DATA SUPPLIED:
+ + + + +
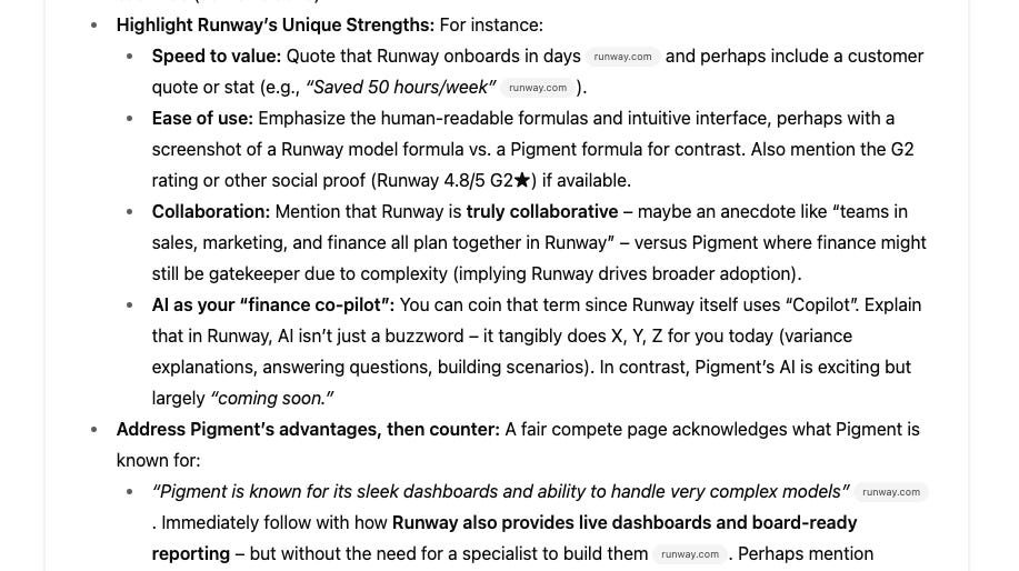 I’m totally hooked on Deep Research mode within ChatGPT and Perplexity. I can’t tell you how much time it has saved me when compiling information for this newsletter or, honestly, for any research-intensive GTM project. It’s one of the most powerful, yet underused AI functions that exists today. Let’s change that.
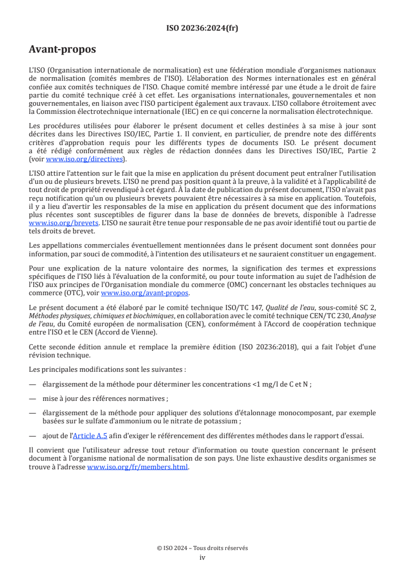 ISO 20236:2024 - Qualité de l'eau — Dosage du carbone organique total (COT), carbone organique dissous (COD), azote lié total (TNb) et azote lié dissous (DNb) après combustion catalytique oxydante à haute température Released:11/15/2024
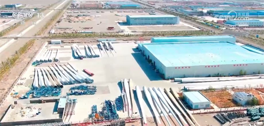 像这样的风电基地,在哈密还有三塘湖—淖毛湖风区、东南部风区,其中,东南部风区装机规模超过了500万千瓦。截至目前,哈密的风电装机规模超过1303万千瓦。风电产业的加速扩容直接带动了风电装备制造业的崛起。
+ + + + +
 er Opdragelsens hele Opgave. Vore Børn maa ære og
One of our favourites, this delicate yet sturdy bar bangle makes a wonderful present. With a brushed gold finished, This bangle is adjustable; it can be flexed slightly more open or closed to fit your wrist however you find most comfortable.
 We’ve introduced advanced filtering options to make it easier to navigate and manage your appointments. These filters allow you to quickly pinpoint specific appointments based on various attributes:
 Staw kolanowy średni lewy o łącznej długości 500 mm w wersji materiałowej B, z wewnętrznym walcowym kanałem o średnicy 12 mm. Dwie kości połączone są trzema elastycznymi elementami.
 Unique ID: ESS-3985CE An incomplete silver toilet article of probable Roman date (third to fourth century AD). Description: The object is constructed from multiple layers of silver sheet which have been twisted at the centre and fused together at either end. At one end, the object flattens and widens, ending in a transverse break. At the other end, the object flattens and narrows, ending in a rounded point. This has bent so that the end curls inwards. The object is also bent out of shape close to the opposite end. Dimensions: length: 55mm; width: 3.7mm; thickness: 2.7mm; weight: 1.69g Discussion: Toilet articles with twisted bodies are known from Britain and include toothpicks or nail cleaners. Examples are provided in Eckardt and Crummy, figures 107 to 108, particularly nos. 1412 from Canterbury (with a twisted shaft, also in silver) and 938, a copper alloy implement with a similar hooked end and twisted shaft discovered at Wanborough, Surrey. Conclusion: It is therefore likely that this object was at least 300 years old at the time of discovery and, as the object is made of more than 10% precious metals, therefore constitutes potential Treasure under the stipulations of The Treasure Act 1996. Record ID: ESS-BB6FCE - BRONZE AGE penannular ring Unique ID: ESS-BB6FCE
+ + + + +
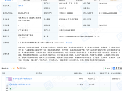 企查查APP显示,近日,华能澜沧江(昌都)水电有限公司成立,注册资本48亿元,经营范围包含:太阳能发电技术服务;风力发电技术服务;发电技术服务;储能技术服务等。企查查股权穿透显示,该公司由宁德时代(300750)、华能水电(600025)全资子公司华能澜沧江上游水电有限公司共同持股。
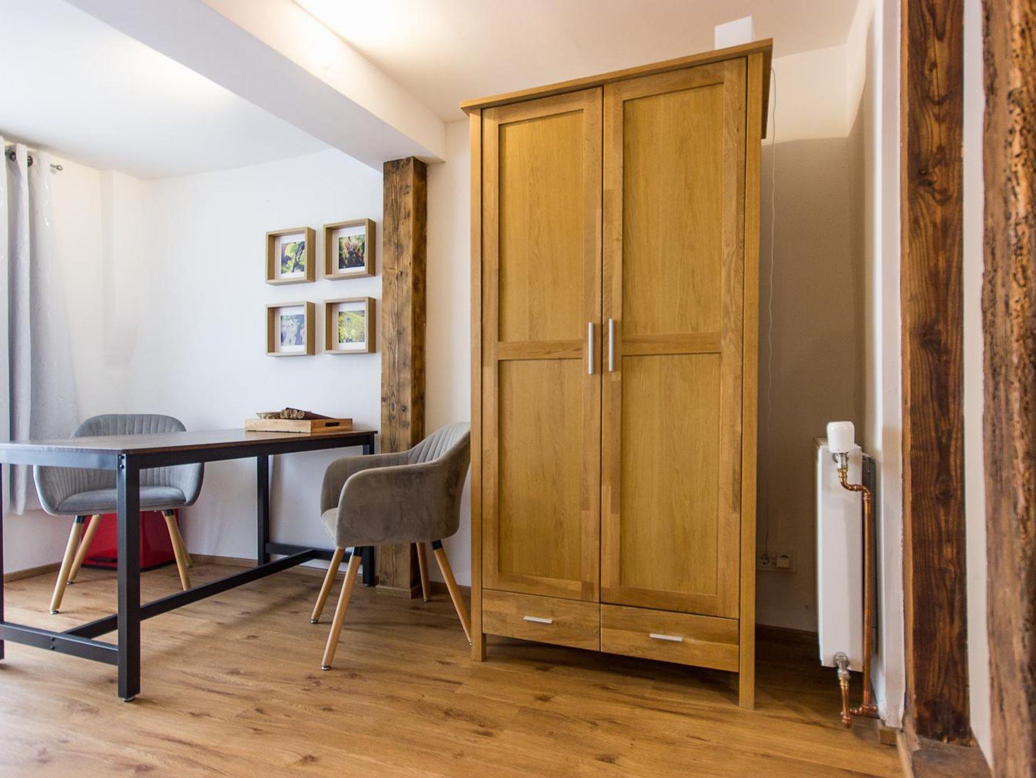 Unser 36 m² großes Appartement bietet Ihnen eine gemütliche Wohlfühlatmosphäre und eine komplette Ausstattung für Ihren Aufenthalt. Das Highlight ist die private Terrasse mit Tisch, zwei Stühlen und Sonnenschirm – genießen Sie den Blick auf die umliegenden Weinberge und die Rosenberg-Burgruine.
+ + + + +
TASK TO COMPLETE:
Repeat, exactly as they stand above, the lines from the line with "One of our favourites, this" to the line with "Staw kolanowy średni", both lines included.

EXERCISE RESULT:
One of our favourites, this delicate yet sturdy bar bangle makes a wonderful present. With a brushed gold finished, This bangle is adjustable; it can be flexed slightly more open or closed to fit your wrist however you find most comfortable.
 We’ve introduced advanced filtering options to make it easier to navigate and manage your appointments. These filters allow you to quickly pinpoint specific appointments based on various attributes:
 Staw kolanowy średni lewy o łącznej długości 500 mm w wersji materiałowej B, z wewnętrznym walcowym kanałem o średnicy 12 mm. Dwie kości połączone są trzema elastycznymi elementami.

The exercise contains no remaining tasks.